5. EclipseLink Mental Model

EclipseLink is also a Jakarta Persistence provider, but its architecture vocabulary differs. It has deep concepts around sessions, projects, descriptors, weaving, indirection, identity maps, and UnitOfWork.

High-level architecture:

5.1 Important EclipseLink Concepts

Concept	Mental model
ServerSession	Shared session representing database login, descriptors, platform, cache
ClientSession	Session view often associated with client/unit of work usage
UnitOfWork	Tracks clones/changes before commit
Descriptor	Runtime metadata for persistent class
Mapping	Attribute/relationship mapping inside descriptor
Weaving	Bytecode modification for lazy loading, change tracking, fetch groups, etc.
Indirection	Lazy reference/collection mechanism
Identity Map	Shared cache identity structure
DatabasePlatform	Database-specific SQL and capability abstraction
DescriptorCustomizer / SessionCustomizer	Extension points for runtime customization

5.2 EclipseLink Biases

EclipseLink has strong provider-level features around:

weaving;
indirection;
shared cache and identity maps;
descriptor/session customization;
batch reading;
fetch groups;
multitenancy support;
additional criteria;
converters and transformation mappings;
database platform customization.

Engineering implication:

EclipseLink rewards understanding descriptors, weaving, and UnitOfWork. If you only bring a Hibernate mental model, you may misread EclipseLink behavior.

5.3 EclipseLink Debugging Questions

1. Is weaving active?
2. Is this object a clone in UnitOfWork or shared cached object?
3. Which descriptor mapping controls this attribute?
4. Is indirection/lazy loading active for this relationship?
5. Is shared cache returning stale data?
6. Is batch reading configured?
7. Did additional criteria affect the query?
8. Which DatabasePlatform generated SQL?
9. Did a descriptor/session customizer alter default behavior?
10. Is behavior from Jakarta Persistence or EclipseLink extension?

6. Persistence Context vs Unit of Work

JPA uses the term persistence context. Hibernate commonly maps this to Session internals.
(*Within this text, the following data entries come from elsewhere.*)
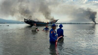– Polairud Polda NTB Bantu Tangani Kebakaran Kapal di Perairan Lombok Timur – ** – Kapal Wisata Terbakar di Teluk
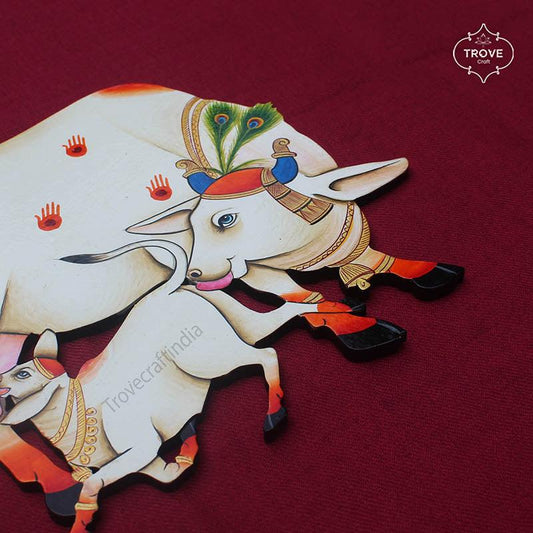 Pichwai cow and calf MDF cutout in white - Right Facing
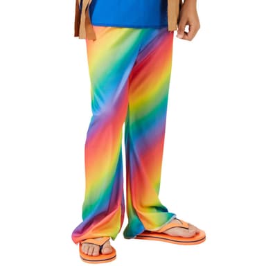 Kostume til børn, Boy Peacemaker, består af en fin t-shirt, en fed vest i velours-ruskindslook samt et par farverige trompetbukser. Der hører også et smart pandebånd med til kostumet. Materiale: 100 % polyester.
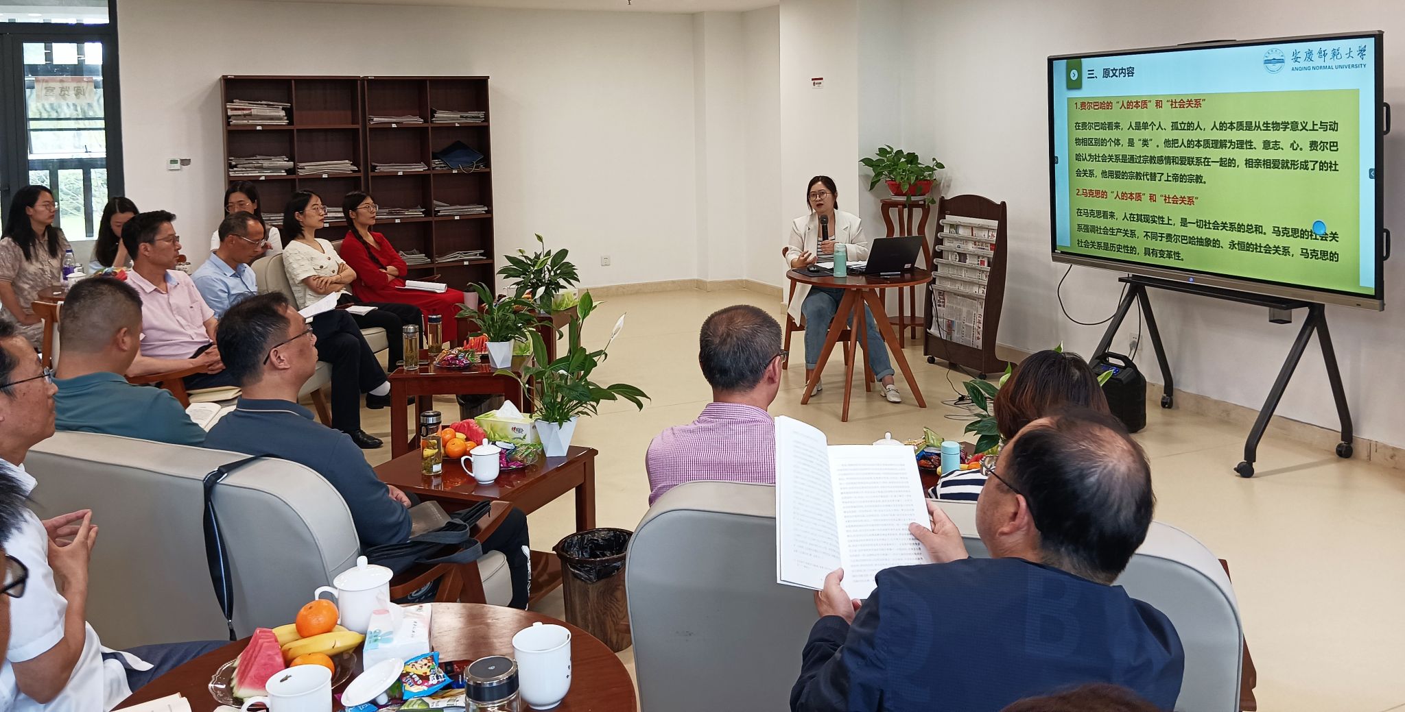 读书会上,公司青年博士张晶围绕《关于费尔巴哈的提纲》,从写作背景、理论意义、主要内容三个方面进行了详细的阐释,结合著作原文,逐条逐句进行了深入浅出的讲解,分享了读书心得。在互动环节,与会教师围绕这篇著作开展了交流和讨论,张晶一一解答了教师们的疑问和困惑。
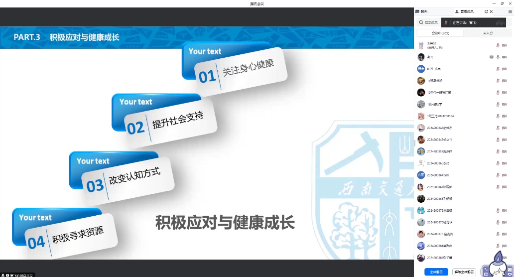 最后,高飞老师从关注自身身心健康、提升社会支持、改变认知方式和积极寻求资源四个方面,给出了遇到心理问题时的解决参考。
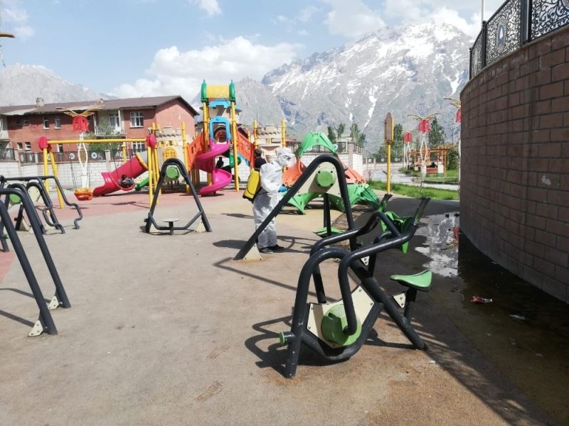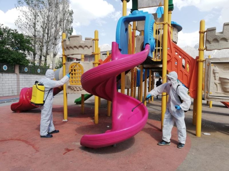 Hakkari Belediyesi Veteriner İşleri Müdürlüğü dezenfekte ekibi, çocuk parklarını dezenfekte etti.
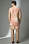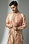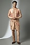 Featuring a champagne beige long jacket in chinon base with mirror embellishments. It is paired with silk chanderi kurta and pants. Style it with mojaris for a festive occasion, cultural event, wedding or engagement ceremony.
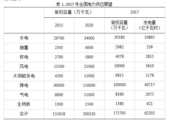 展望2017年電力供應(yīng)形勢,重點(diǎn)是各類電源的投產(chǎn)新增情況。其中,由于水電和核電建設(shè)周期長,新增供應(yīng)能力較為明確。據(jù)相關(guān)項(xiàng)目資料統(tǒng)計(jì),預(yù)計(jì)2016-2017年水電將新增發(fā)電能力480萬千瓦,核電將新增發(fā)電能力1378萬千瓦;到2017年,我國水電裝機(jī)規(guī)模將達(dá)到3.02億千瓦,核電裝機(jī)規(guī)模將達(dá)到4078萬千瓦。另據(jù)有關(guān)分析,2017年預(yù)計(jì)新增風(fēng)電并網(wǎng)裝機(jī)容量2000萬千瓦、新增光伏發(fā)電并網(wǎng)裝機(jī)容量1800萬千瓦。由此可得2017年全國電力供應(yīng)能力展望(表1)。
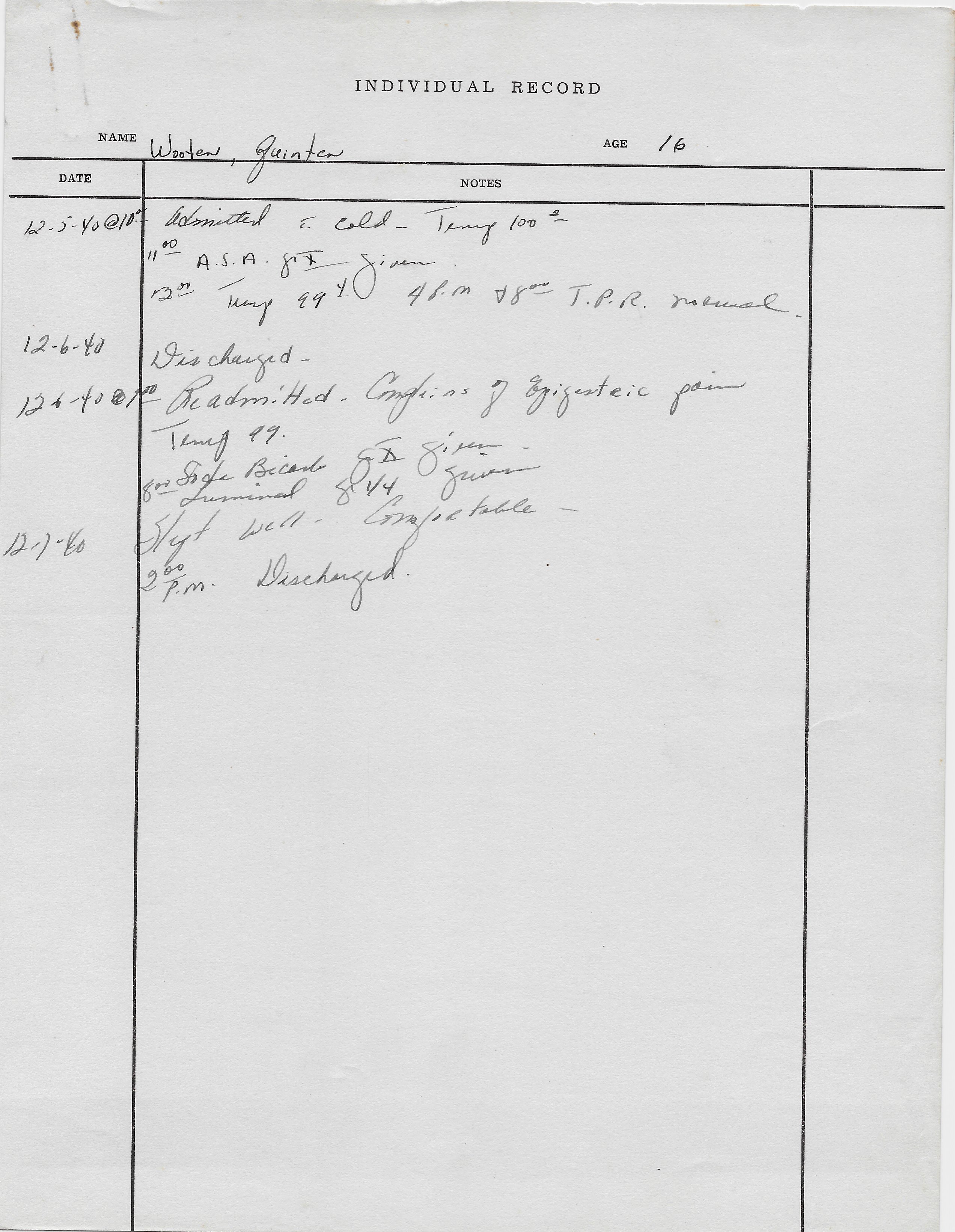 SCAN0316. December 5 – 7, 1940 – Individual [Infirmary] Report for Wooton, Quinten, age 16. Admitted with cold, then readmitted with complaints of digestive[?] pain.
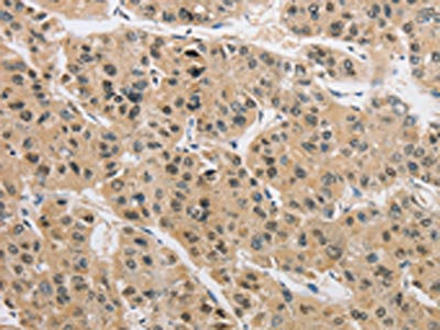 The image on the left is immunohistochemistry of paraffin-embedded Human liver cancer tissue using CSB-PA063322(AMZ2 Antibody) at dilution 1/40, on the right is treated with fusion protein. (Original magnification: ×200)
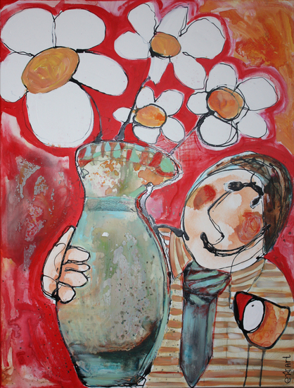 Wat zeg jij, vindt ze de bloemen mooi?

EclipseLink often exposes the UnitOfWork concept in its architecture.

The shared idea:

A runtime scope tracks objects loaded from or scheduled for persistence to the database.

But the internal implementation can differ.

Concern	Hibernate leaning	EclipseLink leaning
Runtime scope	Session / persistence context	EntityManager backed by UnitOfWork/session
Identity tracking	PersistenceContext identity map	UnitOfWork clones + identity maps
Change tracking	snapshots/enhancement/collection wrappers	deferred change detection/weaving/change tracking policies
Lazy mechanism	proxies/enhancement/collections	indirection/weaving/fetch groups
Extension point	event listeners, interceptors, services, types	descriptors, customizers, session events
Cache vocabulary	first-level/second-level/query cache	identity map/shared cache/query results depending config

Do not force one provider’s vocabulary onto the other. Translate concepts carefully.

7. Lifecycle of a Simple Write

Consider:

RegulatoryCase c = new RegulatoryCase("CASE-2026-0001");
entityManager.persist(c);
c.changeStatus(CaseStatus.OPEN);
entityManager.flush();

Provider-level flow:

Important observations:

persist does not necessarily execute SQL immediately.
ID strategy can force earlier SQL in some cases.
Field mutation after persist but before flush can be included in insert.
Constraint errors may appear at flush time, not at persist call.
Provider determines SQL ordering.

8. Lifecycle of a Simple Read

Consider:

RegulatoryCase c = entityManager.find(RegulatoryCase.class, id);
String name = c.getPrimaryParty().getDisplayName();

Possible runtime flow:

Read operation can involve:

first-level cache;
shared/second-level cache;
SQL select;
lazy load later;
proxy initialization;
weaving/indirection;
hydration;
entity registration;
implicit flush before query depending context.

A getter may therefore become a database operation.

9. Where Assumptions Commonly Fail

9.1 “I called save, so SQL happened”

Wrong mental model. ORM often delays SQL until flush. Some ID strategies or provider operations may force earlier SQL, but you should not assume every save call hits the database immediately.

9.2 “I queried, so I read the database truth”

Maybe. Query may return managed instances already present in persistence context. Even if SQL runs, provider can reconcile rows with existing managed objects. First-level cache can preserve stale in-memory state within a transaction.

9.3 “The entity is detached, but changing it should update later”

Detached object mutation is not tracked. A later merge copies state into a managed instance, which has different semantics and risks.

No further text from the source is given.